Lerista karlschmidti
- Conservation status: Least Concern (IUCN 3.1)

Scientific classification
- Kingdom: Animalia
- Phylum: Chordata
- Class: Reptilia
- Order: Squamata
- Family: Scincidae
- Genus: Lerista
- Species: L. karlschmidti
- Binomial name: Lerista karlschmidti (Marx & Hosmer, 1959)
- Synonyms: Rhodona karlschmidti Marx & Hosmer, 1959; Lerista karlschmidti — Greer, 1967;

= Lerista karlschmidti =

- Genus: Lerista
- Species: karlschmidti
- Authority: (Marx & Hosmer, 1959)
- Conservation status: LC
- Synonyms: Rhodona karlschmidti , Marx & Hosmer, 1959, Lerista karlschmidti , — Greer, 1967

Species of lizard

Lerista karlschmidti, also known commonly as the lesser robust fine-lined slider, Karl's lerista, and Karl Schmidt's lerista, is a species of skink, a lizard in the subfamily Sphenomorphinae of the family Scincidae.
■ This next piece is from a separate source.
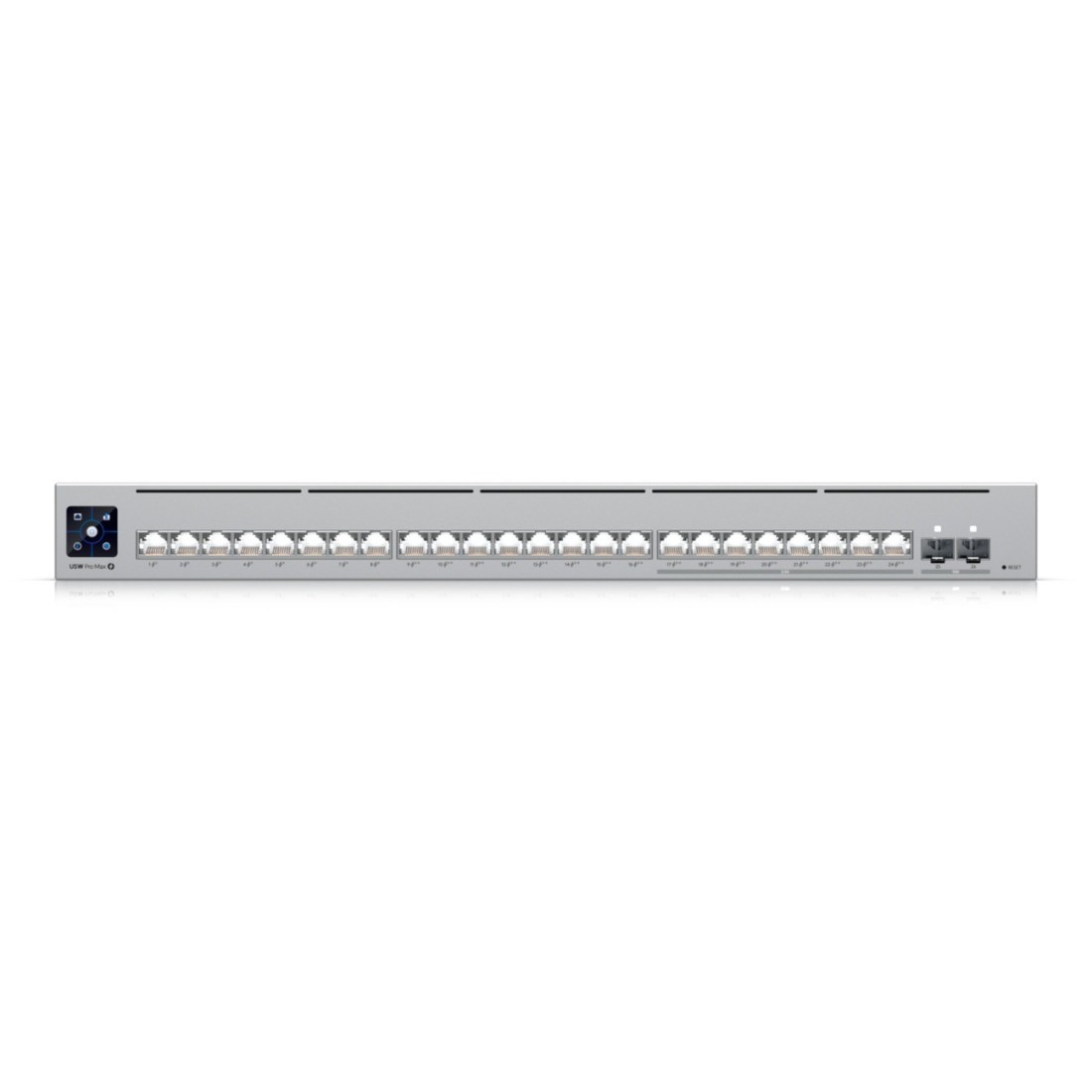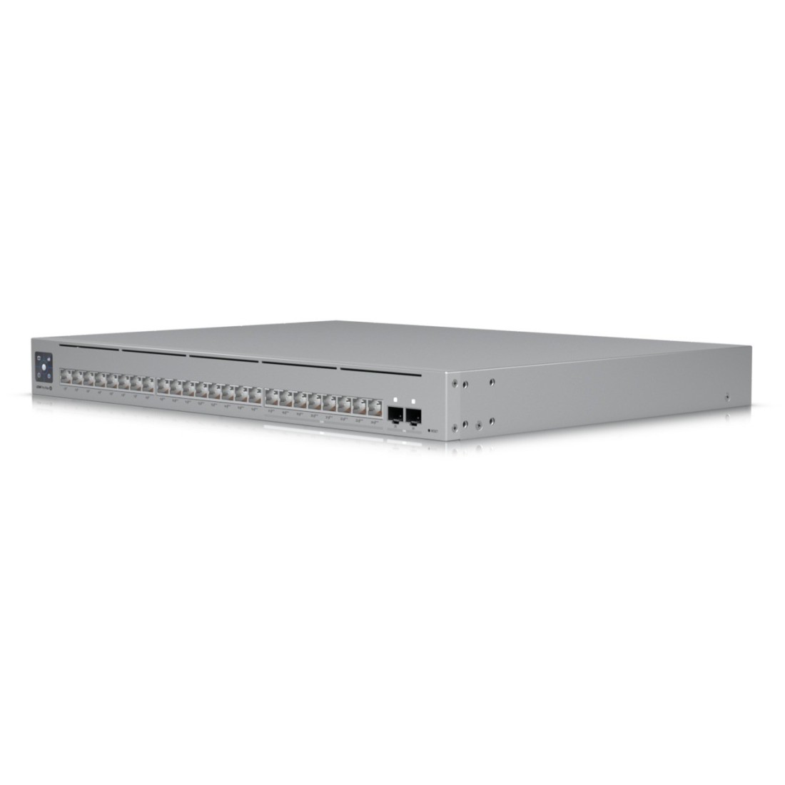 UniFi Switch L3 de 24 puertos: 8x PoE++ 2,5 GbE, 16x GbE (8 PoE+ y 8 PoE++ 400W) y 2x SFP+ 10G. Rack

The species is native to the Northern Territory and Queensland in Australia. Its range is highly disjunct and it is likely that only the Queensland population (not seen after its original collection) represents L. karlschmidti, while the Northern Territory population is a distinct species.

==Etymology==
The specific name, karlschmidti, is in honor of American herpetologist Karl Patterson Schmidt.

==Habitat==
The preferred natural habitats of L. karlschmidti are sandy desert, rocky areas, and dry forest.

==Description==
L. karlschmidti may attain a snout-to-vent length (SVL) of 7 cm. It has 16–20 scale rows at midbody, two loreal scales, but no superciliary scales. It has no front legs. Each back leg is a stump with one clawed digit.

==Reproduction==
L. karlschmidti is oviparous, and breeds during the dry season.